In case you haven’t heard, Ruth McKinnie Braun, education editor for San Diego News Network and a longtime reporter for the Union-Tribune, passed away this week after being diagnosed with a rare form of lymphoma. She was an extraordinarily passionate person about schools and kids. I only got to meet her in person once, but I’ll always remember her exhorting me to look more and look deeper.

Braun had survived an earlier bout with breast cancer years ago. Earlier this summer, she wrote on her blog about what it was like to leave the oncologist with a clean bill of health. Her words are especially poignant now:

[M]y annual visit still brings me back to a quiet place inside myself where I ponder what could have been and how lucky I am to be here. … In years past, this calm thankfulness that comes over me as I wait would linger for weeks, even months. Today, I confess, it was short lived. I drove the final carpool of the school year from my daughter’s high school. Traffic was a bear and one of the girls was late. The everyday life of being a mom. Isn’t it grand?

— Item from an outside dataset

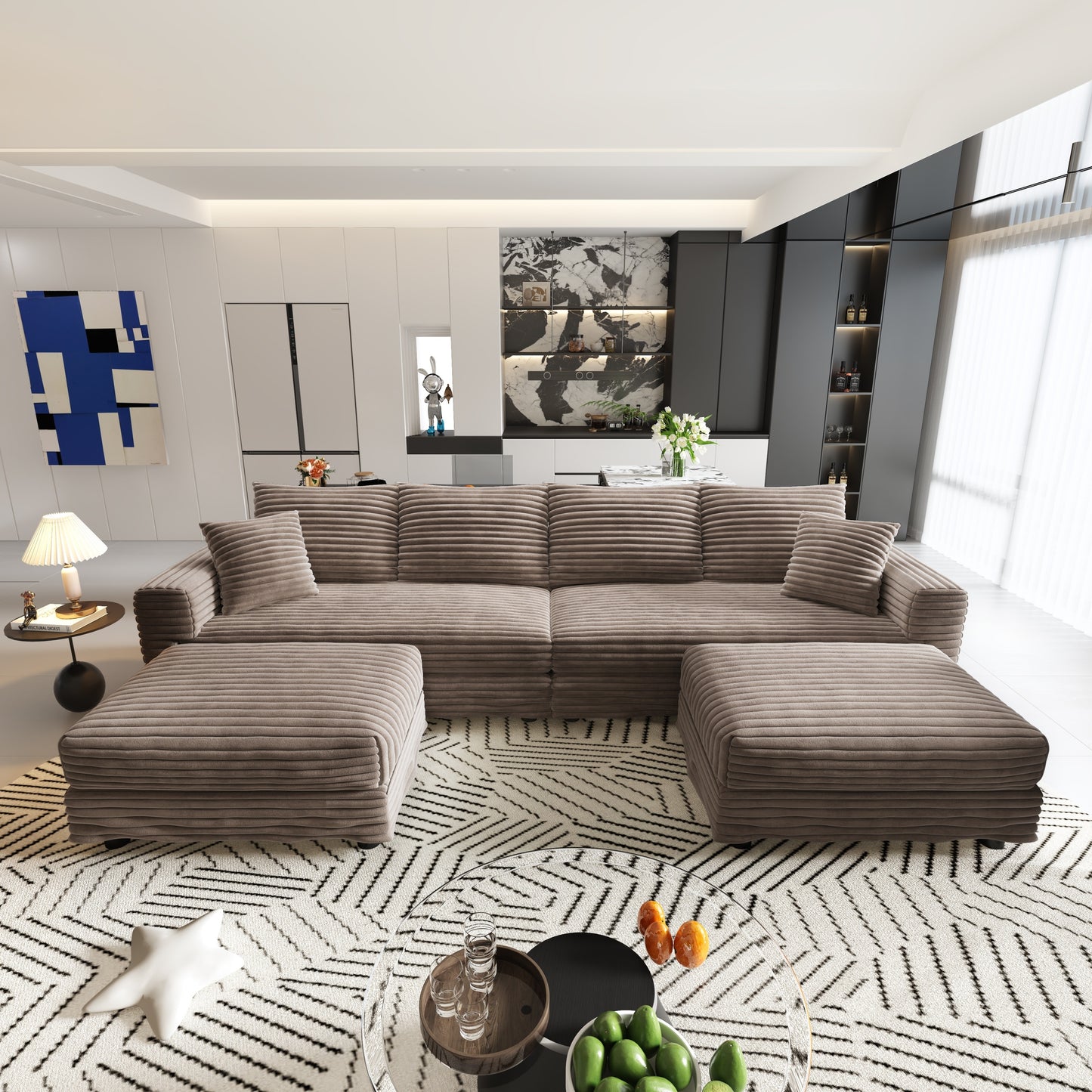 This sofa is designed for ultimate comfort, combining exquisite craftsmanship and user-friendly features to create a comprehensive relaxation experience for you. The sofa is filled with high-density sponge and high-quality cotton, paired with carefully designed rear pillows and luxurious cushions, providing unparalleled full body support. Whether it's reading or daily rest, you can enjoy cloud like comfort. Its sturdy solid wood frame and metal spring seat cushion can support up to 1000LB of weight, making it rock stable when used by four adults. The frame is durable and will not deform. The surface is made of skin friendly plush corduroy fabric, which feels soft as silk and has a unique texture. The accompanying multifunctional footstool can be freely adjusted in position, can extend into a segmented/U-shaped sofa, or can be used as a standalone footstool or small coffee table. The sofa can be easily converted into a recliner mode to meet various leisure scenes. Easy to install, assembly can be completed in just 10 minutes (note: vacuum packaged seat cushions need to be left to stand for 48 hours to restore their original state), showcasing quality in every detail from materials to functionality, redefining a comfortable home experience.

I’ll miss her, and I know all of San Diego will, too.

  • We zero in on an unusual attempt to use methods for gifted children with students of all levels, starting at a younger age, at a handful of San Diego Unified schools. The first to test the waters is Cabrillo Elementary in Point Loma. It is part of a wider shift toward plucking the strategies that were once confined to classes for the gifted to mainstream classrooms.

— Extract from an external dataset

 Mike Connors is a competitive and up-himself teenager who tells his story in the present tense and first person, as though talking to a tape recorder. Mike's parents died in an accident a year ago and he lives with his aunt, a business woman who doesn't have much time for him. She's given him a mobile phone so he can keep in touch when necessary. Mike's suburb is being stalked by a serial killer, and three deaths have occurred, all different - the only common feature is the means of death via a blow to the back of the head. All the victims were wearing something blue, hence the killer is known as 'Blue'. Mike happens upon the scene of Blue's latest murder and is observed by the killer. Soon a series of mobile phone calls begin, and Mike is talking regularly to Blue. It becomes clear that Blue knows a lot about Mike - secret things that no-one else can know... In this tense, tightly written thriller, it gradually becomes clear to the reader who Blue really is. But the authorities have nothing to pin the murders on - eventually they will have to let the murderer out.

  • The North County Times reports that an Oceanside principal has been charged with grand theft, and it seems to be related to parent fundraising at the school. And things just don’t seem to be coming up roses up north: The only high school in the Fallbrook Union High School District is in hot water under No Child Left Behind standards for improvement in test scores.
  • Educators are planning to open a specialized private school for students with learning disabilities, the Union-Tribune reports in brief. They are meeting in La Jolla on Wednesday to talk about it.

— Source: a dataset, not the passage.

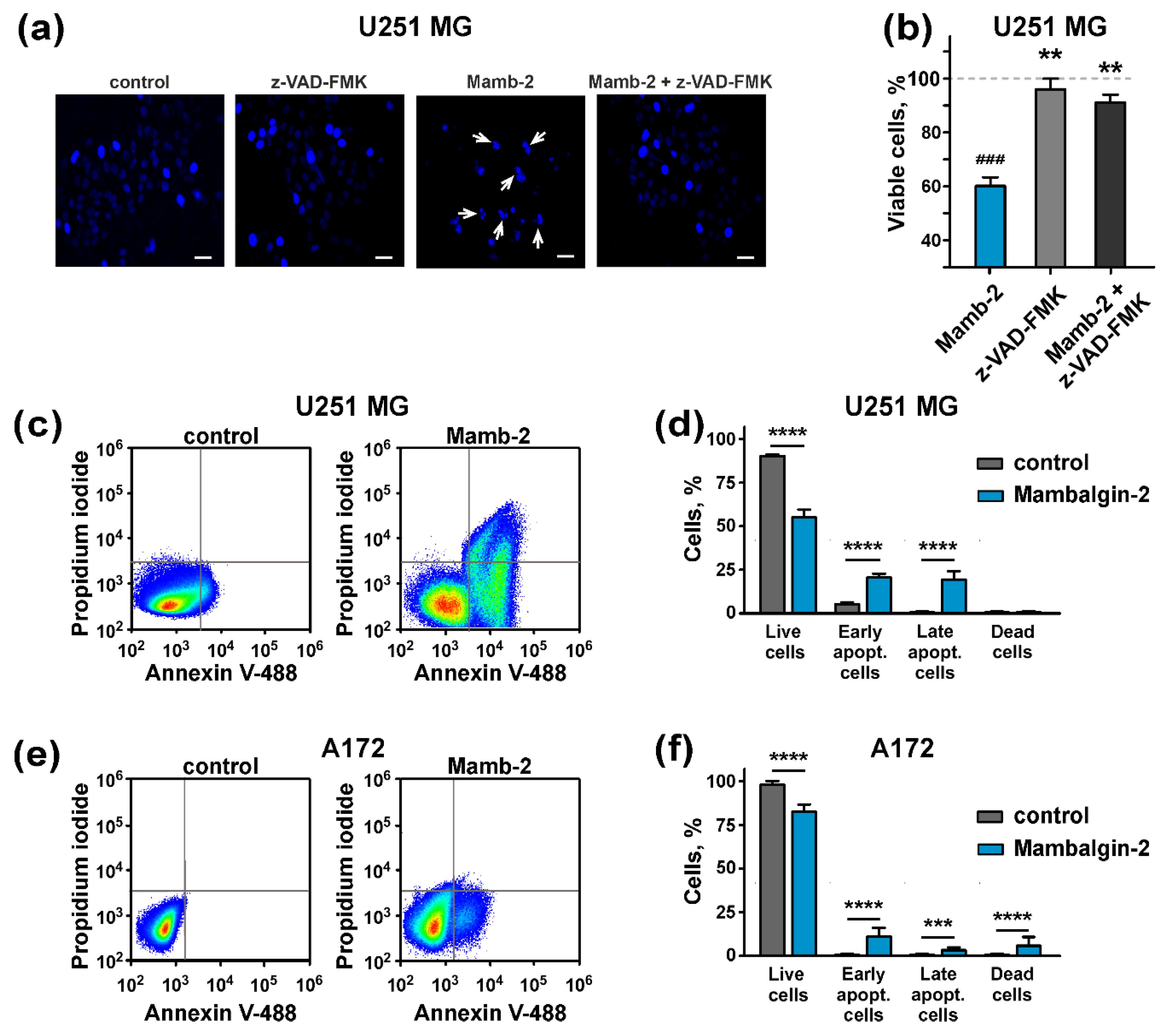 Figure 7. Apoptosis induction by mambalgin-2 in U251 MG and A172 cells: (a) Microscopic examination of nuclei morphology of U251 MG cells after their incubation with 1 µM mambalgin-2 in absence or presence of pan-caspase inhibitor z-VAD-FMK, scale bar = 10 µm; (b) Influence of mambalgin-2 and z-VAD-FMK on U251 MG cell proliferation. Data are presented as % of control (untreated cells, dashed line) ± SEM (n = 4). ### (p < 0.001) indicates significant difference between treated and untreated cells according to One-way ANOVA followed by Dunnett’s test. ** (p < 0.01) indicates significant difference from the mambalgin-2 treated cells according to One-way ANOVA followed by Dunnett’s test; (c,e) representative pictures of phosphatidylserine externalization analysis upon the mambalgin-2 treatment of U251 MG and A172 cells by flow cytometry with Annexin V-488 and Propidium iodide; (d,f) percentage of U251 MG and A172 cells with externalized phosphatidylserine and bound propidium iodide upon 72-h incubation in absence (control) or presence of 1 µM mambalgin-2. The data are presented as % of live, early apoptotic, late apoptotic and dead cells ± SEM (n = 4). *** (p < 0.001) and **** (p < 0.0001) indicate the significant difference of the groups from each other by a two-tailed t-test. |

  • Hector Tobar at the Los Angeles Times writes about a weekend language school meant to help bilingual children keep their first language — in this case Spanish. One of my favorite details? The teachers tell the kids that a teddy bear in the classroom can only speak Spanish to encourage them to speak their first language, instead of immediately switching to English.
  • This is a little old, but better late than never. USA Today reports that a Cheyenne tribe is suing its school district over a new dress code because many families can’t afford the new uniforms and their children are being punished for not showing up with the right clothes. I know at least one mom who is aggravated about school fees and other costs here — have you heard of other examples? Shoot me an e-mail at emily.alpert@voiceofsandiego.org.
  • Longtime educator and professor Larry Cuban blogs on the difference between “sprinter” and “marathoner” superintendents, using San Diego as a case study. Sprinters believe “that low test scores and achievement gaps between whites and minorities are due in large part to reluctant (or inept) district bureaucrats, recalcitrant principals, and knuckle-dragging union leaders defending contracts that protect lousy teachers from pay-for-performance incentives,” Cuban blogs. He adds, “What undercuts sprinter-driven reforms in these arenas is the simple fact that fast-moving CEOs fast-track their solutions to these problems, get spent from there exertions or create too much turmoil, and soon exit leaving the debris of their reforms next to the skid marks in the parking lot.”
  • Forty-eight states are trying to hash out a common understanding of what classes and subjects a teen needs to master to be ready for college or a career, Education Week and the Washington Post report. That sounds wonky, but this is really a battle over what all kids should know. The author of one math textbook complains, “What’s missing is this whole notion of literacy and citizenship and solving problems you see in life, rather than just mathematical problems.”
  • And this is just heartbreaking: Teens in a poor, segregated South African township rioted last year because their teacher chronically failed to show up for class. The New York Times reports that the violent episode reflects a larger problem: the outright failure of schools for black children in South Africa, even after apartheid has been wiped away. “If you’re in a township school, you don’t have much chance,” one scholar complains.